Пьер был один из тех людей, которые, несмотря на свою внешнюю слабость характера, не ищут доверенного для своего горя. Он перерабатывал один в себе свое горе. «Она, во всем, во всем она, без темперамента, без сердца, без ума, она была во всем виновата, — говорил он сам себе. — Но что ж из этого? Зачем я себя связал с нею, зачем я ей сказал это „я вас люблю“, которое было ложь и еще хуже что-то? — сказал он сам себе. — Я виноват и должен нести… но что? Позор имени, несчастие жизни? Э, все вздор, — подумал он. — Людовика XVI казнили за то, что он был бесчестен и преступник. Потом Робеспьера казнили. Кто прав, кто виноват? Никто. А жив, и живи. Завтра умрешь, как мог я умереть час тому назад, как умрет этот Долохов. И стоит ли того мучиться, когда жить остается одну секунду в сравнении с вечностью? Мне ничего не нужно. Мне довольно себя. Что делать? — опять предстал ему вопрос. — Зачем я связался с нею? Но какого черта понесло его на эту галеру?» — вспомнил он и улыбнулся.
Утром, когда камердинер, с удивлением заметив, что граф не ложился, вошел в кабинет, Пьер, уже успокоенный, лежал на оттоманке и читал.
— Графиня приказали спросить, дома ли вы? — спросил камердинер. Но не успел он этого сказать, как сама графиня в белом атласном халате, шитом серебром, и в простых волосах (две огромные косы диадемою огибали два раза ее прелестную голову) вошла в комнату спокойно, величественно, но на прелестном, мраморном лбе ее была морщинка гнева.

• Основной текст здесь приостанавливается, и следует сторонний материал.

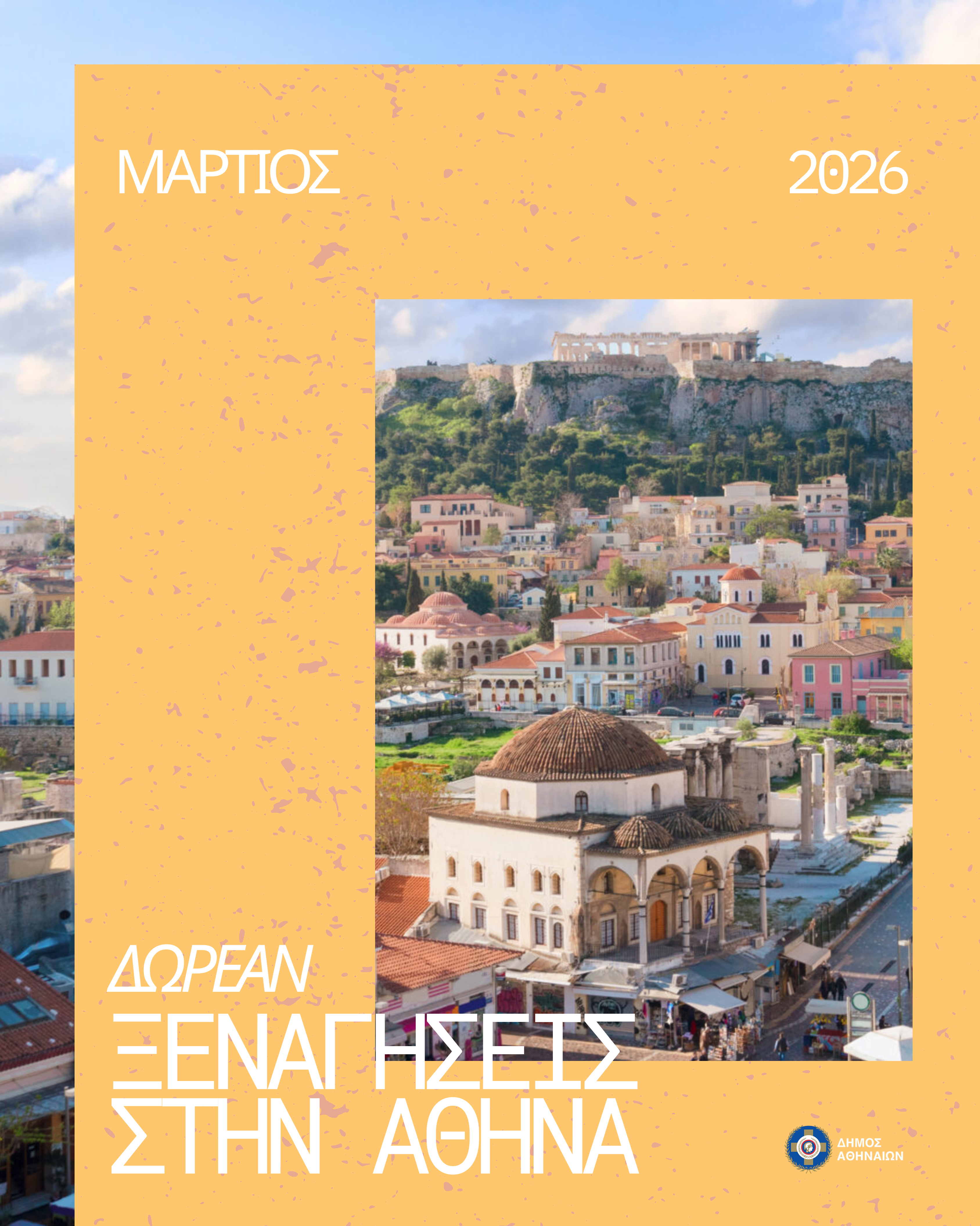 Ο Δήμος Αθηναίων προσφέρει όλο τον Μάρτιο, δωρεάν ξεναγήσεις σε ιστορικούς και αρχαιολογικούς χώρους, μουσεία, καθώς και χώρους πολιτισμού και τέχνης της πόλης. Κάτοικοι και επισκέπτες μπορούν να γνωρίσουν την Αθήνα μέσα από θεματικούς περιπάτους και οργανωμένες επισκέψεις που πραγματοποιούνται σε συνεργασία με το Σωματείο Διπλωματούχων Ξεναγών Αθήνας, με πρωτοβουλία της Εντεταλμένης Δημοτικής Συμβούλου Ιστορικής Ανάδειξης της Πόλης των Αθηνών, Αρτέμιδος Σκουμπουρδή.

Она, с своим все выдерживающим тактом, не стала говорить при камердинере. Она знала о дуэли и пришла говорить о ней. Она дождалась, пока камердинер уставил кофе, и величественным жестом указала ему дверь. Пьер, как пойманный школьник, робко, через очки смотрел на нее. Для того, чтобы дать себе известное положение, он начал есть, хотя ему этого не хотелось. Она не села.